I was reading a proof regarding the condition for Lesbesgue measurable set. Specifically it is the Theorem 2.24 and the proof of the theorem here: https://www.math.ucdavis.edu/~hunter/m206/measure_notes.pdf
In the theorem, it says a set A is lebesgue measurable if and only if there is an open set G where $A\subset G$ such that $\mu^{*}(G\setminus A) \le \epsilon$ for any $\epsilon$.
But there is another theorem previous to that which is Theorem 2.23 and the proof of Theorem 2.23 specifically the line (2.12) where it says we always have $\mu(G) \le \mu^{*}(A) + \epsilon $ for ANY set A whether A is measurable or not where G is an open set.

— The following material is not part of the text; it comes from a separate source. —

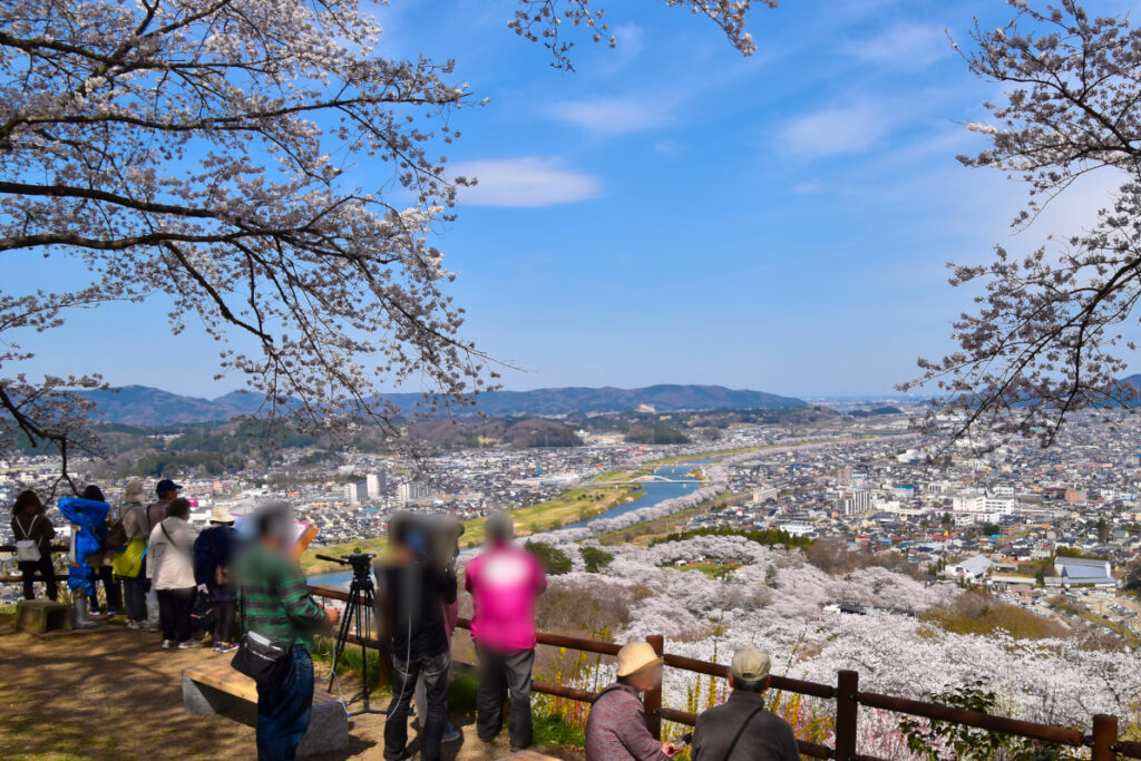 山頂からは桜満開の街並みの景観が楽しめ、冒頭の電車の写真もここから撮影しました。

So I thought the condition $\mu(G) \le \mu^{*}(A) + \epsilon $ automatically implies $\mu(G) \le \mu(A) + \epsilon $ since we have $\mu(G) \le \mu^{*}(A) + \epsilon \le \mu(A) + \epsilon $ and therefore we have $\mu(G)-\mu(A) \le \epsilon$ and hence, $\mu(G \setminus A) \le \epsilon$ whether A is measurable or not.
So why is it that Theorem 2.24 is saying we have $\mu(G\setminus A) \le \epsilon$ if and only if A is measurable, because from Theorem 2.23, it seems it doesn't matter whether A is measuralbe or not.
Could someone shine some light or give some hints.
Thank you